Extrinsic evidence was not admissible to change the clear and unambiguous language of the final judgment calling for 13.28 acres awarded to Palmer and wife in the Gulf-Palmer suit to be located along the south line of the Underton survey. Magnolia Pet. Co. v. Jones, 138 Texas 67, 158 S. W. (2d) 548; Booth v. Upshur, 26 Texas 64; Blackwell v. Coleman County, 94 Texas 216, 15 S. W. 530; Blake v. Pure Oil Co., 128 Texas 536, 100 S. W. (2d) 1009.

Sewell, Taylor, Morris & Connally, and C. M. Hightower, all *671of Houston, T. J. Hightower and E. B. Pickett Jr., both of Liberty, for respondents.

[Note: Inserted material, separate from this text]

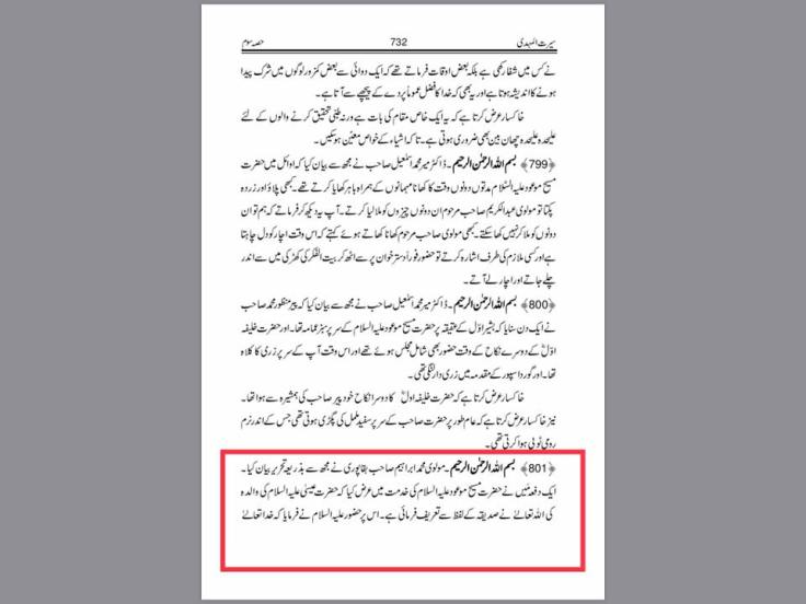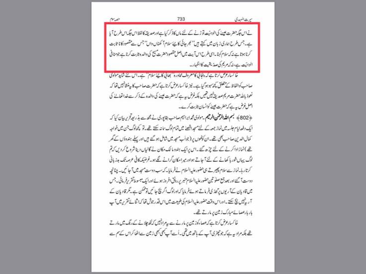 “(801) Molvi Muhammad Ibrahim Bakapuri stated to me in writing that once he said to hazrat Masih e Moud (Mirza) that Allah has praised the mother of Essa a.s. with the title of SIDDIQAH, but huzur (mirza) said that, here the word, siddiqah has been used for negating the divinity of Essa a.s.. It has been used just like we in our punjabi language use the phrase “BHARJAI KANIYE SALAM AKHNA WAN” meaning O you the one-eyed wife of my brother, I say Salam to you. So the actual purpose of this sort of salam is actually not to convey salam but to remind her that she is one-eyed.”

The entire record of the case may be considered to aid in arriving at the meaning and effect of a judgment, when there is a,n ambiguity in that judgment. Wagner v. Hogan, 161 S. W. (2d) 849, 851; Lipsitz v. First Natl. Bank, 293 S. W. 563; Gill v. Peterson, 86 S. W. (2d) 629.

Mr. Judge Smedley

of the Commission of Appeals delivered the opinion for the Court.

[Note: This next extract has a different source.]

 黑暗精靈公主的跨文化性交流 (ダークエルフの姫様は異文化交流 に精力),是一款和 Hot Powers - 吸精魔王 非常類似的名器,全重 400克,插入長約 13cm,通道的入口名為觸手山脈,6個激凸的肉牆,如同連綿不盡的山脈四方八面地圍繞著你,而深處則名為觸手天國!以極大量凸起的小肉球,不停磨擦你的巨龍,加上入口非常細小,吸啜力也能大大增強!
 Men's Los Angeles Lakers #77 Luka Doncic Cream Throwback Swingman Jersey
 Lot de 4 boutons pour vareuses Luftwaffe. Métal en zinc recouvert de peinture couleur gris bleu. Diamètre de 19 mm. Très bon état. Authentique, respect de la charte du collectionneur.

The suit is by petitioners against respondents for the title and possession of a tract of land containing 1.97 acres in the Charles Underton Survey in Liberty County and on which there is a producing oil well. Judgment of the district court in favor of respondents was affirmed by the Court of Civil Appeals. 179 S. W. (2d) 413.

The question to be decided is whether the land in controversy is or is not within the bounds of a tract of land that was awarded by the Court of Civil Appeals to respondent L. P. Palmer and his wife, Lydia Palmer, by its judgment rendered April 7, 1921, in a prior suit entitled in the trial court L. P. Palmer et al v. Gulf Production Company et al., 230 S. W. 1017. That judgment thus describes the land adjudged by it to Palmer and wife:

“BEGINNING on the South Line of the Chas. Underton survey of 320 acres at a point 279 vrs. North 80 deg. East of the South west corner of same;
“THENCE North 80 deg.'East 750 vrs. along the South line of the Chas. Underton survey to stake for corner;
“THENCE North 10 deg. West 100 vrs. to stake for comer;
“THENCE South 80 deg. West 750 vrs. to stake for comer;
“THENCE South 10 deg. East 100 vrs. to the place of beginning.”

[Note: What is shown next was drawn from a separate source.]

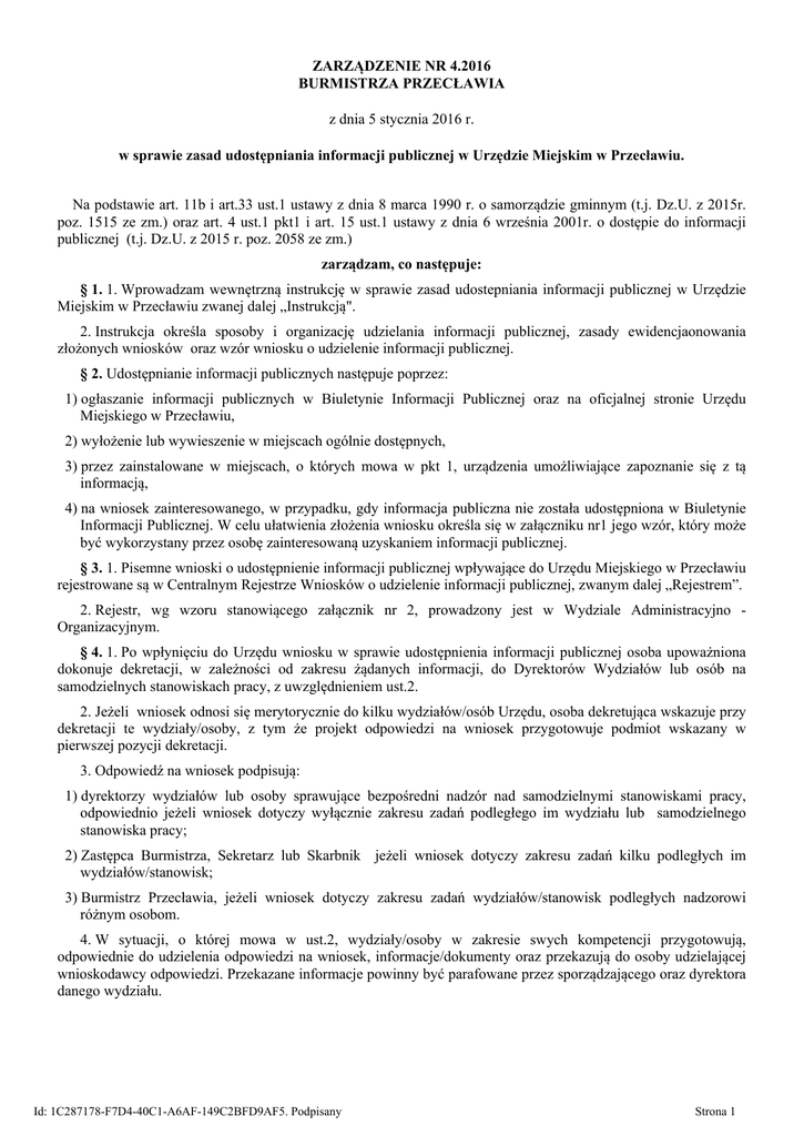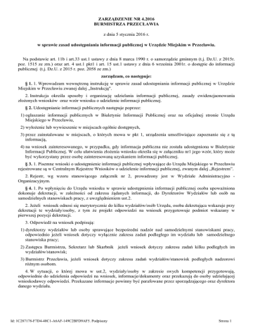 ZARZĄDZENIE NR 4.2016 BURMISTRZA PRZECŁAWIA z dnia 5 stycznia 2016 r. w sprawie zasad udostępniania informacji publicznej w Urzędzie Miejskim w Przecławiu. Na podstawie art. 11b i art.33 ust.1 ustawy z dnia 8 marca 1990 r. o samorządzie gminnym (t.j. Dz.U. z 2015r. poz. 1515 ze zm.) oraz art. 4 ust.1 pkt1 i art. 15 ust.1 ustawy z dnia 6 września 2001r. o dostępie do informacji publicznej (t.j. Dz.U. z 2015 r. poz. 2058 ze zm.) zarządzam, co następuje: § 1. 1. Wprowadzam wewnętrzną instrukcję w sprawie zasad udostepniania informacji publicznej w Urzędzie Miejskim w Przecławiu zwanej dalej „Instrukcją". 2. Instrukcja określa sposoby i organizację udzielania informacji publicznej, zasady ewidencjaonowania złożonych wniosków oraz wzór wniosku o udzielenie informacji publicznej. § 2. Udostępnianie informacji publicznych następuje poprzez: 1) ogłaszanie informacji publicznych w Biuletynie Informacji Publicznej oraz na oficjalnej stronie Urzędu Miejskiego w Przecławiu, 2) wyłożenie lub wywieszenie w miejscach ogólnie dostępnych, 3) przez zainstalowane w miejscach, o których mowa w pkt 1, urządzenia umożliwiające zapoznanie się z tą informacją, 4) na wniosek zainteresowanego, w przypadku, gdy informacja publiczna nie została udostępniona w Biuletynie Informacji Publicznej. W celu ułatwienia złożenia wniosku określa się w załączniku nr1 jego wzór, który może być wykorzystany przez osobę zainteresowaną uzyskaniem informacji publicznej. § 3. 1. Pisemne wnioski o udostępnienie informacji publicznej wpływające do Urzędu Miejskiego w Przecławiu rejestrowane są w Centralnym Rejestrze Wniosków o udzielenie informacji publicznej, zwanym dalej „Rejestrem”. 2. Rejestr, wg wzoru stanowiącego załącznik nr 2, prowadzony jest w Wydziale Administracyjno Organizacyjnym. § 4. 1. Po wpłynięciu do Urzędu wniosku w sprawie udostępnienia informacji publicznej osoba upoważniona dokonuje dekretacji, w zależności od zakresu żądanych informacji, do Dyrektorów Wydziałów lub osób na samodzielnych stanowiskach pracy, z uwzględnieniem ust.2. 2. Jeżeli wniosek odnosi się merytorycznie do kilku wydziałów/osób Urzędu, osoba dekretująca wskazuje przy dekretacji te wydziały/osoby, z tym że projekt odpowiedzi na wniosek przygotowuje podmiot wskazany w pierwszej pozycji dekretacji. 3. Odpowiedź na wniosek podpisują: 1) dyrektorzy wydziałów lub osoby sprawujące bezpośredni nadzór nad samodzielnymi stanowiskami pracy, odpowiednio jeżeli wniosek dotyczy wyłącznie zakresu zadań podległego im wydziału lub samodzielnego stanowiska pracy; 2) Zastępca Burmistrza, Sekretarz lub Skarbnik jeżeli wniosek dotyczy zakresu zadań kilku podległych im wydziałów/stanowisk; 3) Burmistrz Przecławia, jeżeli wniosek dotyczy zakresu zadań wydziałów/stanowisk podległych nadzorowi różnym osobom. 4. W sytuacji, o której mowa w ust.2, wydziały/osoby w zakresie swych kompetencji przygotowują, odpowiednie do udzielenia odpowiedzi na wniosek, informacje/dokumenty oraz przekazują do osoby udzielającej wnioskodawcy odpowiedzi. Przekazane informacje powinny być parafowane przez sporządzającego oraz dyrektora danego wydziału. Id: 1C287178-F7D4-40C1-A6AF-149C2BFD9AF5. Podpisany Strona 1 § 5. 1. Udzielenie informacji publicznej winno nastąpić w terminach przywołanej w podstawie prawnej niniejszego zarządzenia. i formie określonych w ustawie 2. Dyrektorzy wydziałów lub osoby na samodzielnych stanowiskach pracy odpowiadają za terminowe i pełne udzielenie żądanych informacji publicznych. 3. W przypadku wniosku o udostępnienie informacji publicznej przetworzonej należy rozważyć, czy wnioskodawca właściwie wykazał, że uzyskanie informacji jest szczególnie istotne dla interesu publicznego. 3. W przypadku udzielenia informacji publicznej w formie ustnej należy ten fakt udokumentować w formie notatki urzędowej, sporządzonej niezwłocznie po udzieleniu tej informacji, podając datę udostępnienia, zakres udzielonej informacji oraz w miarę możliwości dane osoby, której udostępniono informacje. 4. U uzasadnionych przypadkach należy zwrócić się do radcy prawnego, administratora bezpieczeństwa informacji lub pełnomocnika ds. informacji niejawnych o opinię dotyczącą możliwości udostępnienia wnioskowanej informacji. § 6. Dostęp do informacji publicznej jest bezpłatny z zastrzeżeniem, że jeżeli wytworzenie tej informacji wiąże się z poniesieniem dodatkowych kosztów można pobrać opłatę w wysokości odpowiadającej tym kosztom. Decyzję każdorazowo podejmuje udzielający informacji po uprzedniej aprobacie przełożonego. § 7. Informacje publiczne są udostępniane do przeglądania w Urzędzie Miejskim w Przecławiu w godzinach pracy w obecności pracownika wyznaczonego przez właściwego do danego zakresu dyrektora wydziału. § 8. Odmowa udostępnienia informacji publicznej oraz umorzenie postępowania o udostępnienie informacji publicznej następuje na zasadach określonych w ustawie o dostępie do informacji publicznej, a za czynności w tym zakresie odpowiada właściwy ze względu na treść wniosku o udzielenie informacji dyrektor wydziału lub nadzorujący samodzielne stanowisko pracy. § 9. W sprawach nieuregulowanych niniejszym zarządzeniem należy kierować się postanowieniami ustawy o dostępie do informacji publicznej i Kodeksu postępowania administracyjnego. § 10. Wykonanie zarządzenia powierza się Dyrektorowi Wydziału Administracyjno - Organizacyjnemu a nazdzór powierza się Sekretarzowi Gminy. § 11. Zarządzenie wchodzi w życie z dniem podpisania. Burmistrz Przecławia mgr Ryszard Wolanin Id: 1C287178-F7D4-40C1-A6AF-149C2BFD9AF5. Podpisany Strona 2 Załącznik Nr 1 do zarządzenia Nr 4.2016 Burmistrza Przecławia z dnia 5 stycznia 2016 r. ................................................. ................................................. ....................................

The record title to the 1.97 acre tract involved herein is in petitioners, unless the tract is within the boundaries of the area awarded to Palmed and wife by the judgment of April 7, 1921, as above described.

The Underton survey was segregated from the public domain June 5, 1841. It is described in its field notes as beginning on the north line of the Jesse Devore league, which was titled in 1835, and its south line runs with the north line of that league. *672The trial court, as a part of its elaborate findings of fact, found that the true north line of the Devore league and the south line of the Underton survey is the line referred to in the testimony as Weed’s line, which runs from Weed’s northeast comer of the Devore league through the Jackson corner. This line is thoroughly identified by the evidence and, while there is testimony that there has been uncertainty as to the location of the north line of the Devore league and the south line of the Underton survey, the evidence in the record, in our opinion, conclusively establishes the correctness of the trial court’s finding as to the trae location of the line.

When the tract of land awarded to Palmer and wife by the judgment of the Court of Civil Appeals in the prior suit is located or constructed according to the description contained in that judgment, unaffected by extrinsic evidence upon which respondents rely, the area in controversy herein lies north and outside of that tract. The description is plain, definite and unambiguous. Stakes are called for as marking three of the corners, but there is no evidence tending to identify the original stakes or the places where they were set. The call for the south line of the Underton survey is, of course, a call for the true line of that survey. Devlin’s Real property and Deeds (3d Ed.) Vol. 2, pp. 2003-2004, Sec. 1034. The true location of the south line of the Underton survey and that of its southwest corner having been established by the trial court’s finding and by conclusive evidence, and there being no uncertainty and no ambiguity in the description set out in the judgment of the Court of Civil Appeals, the tract adjudged is, under well settled rules, correctly constructed from the southwest comer of the Underton survey and along its south line and according to the courses and distances of that description unless, as respondents contend, a different construction should be given on account of latent ambiguity. Keller v. Hollingsworth, 78 Texas 653, 15 S. W. 110; Davis v. George, 104 Texas 106, 134 S. W. 326.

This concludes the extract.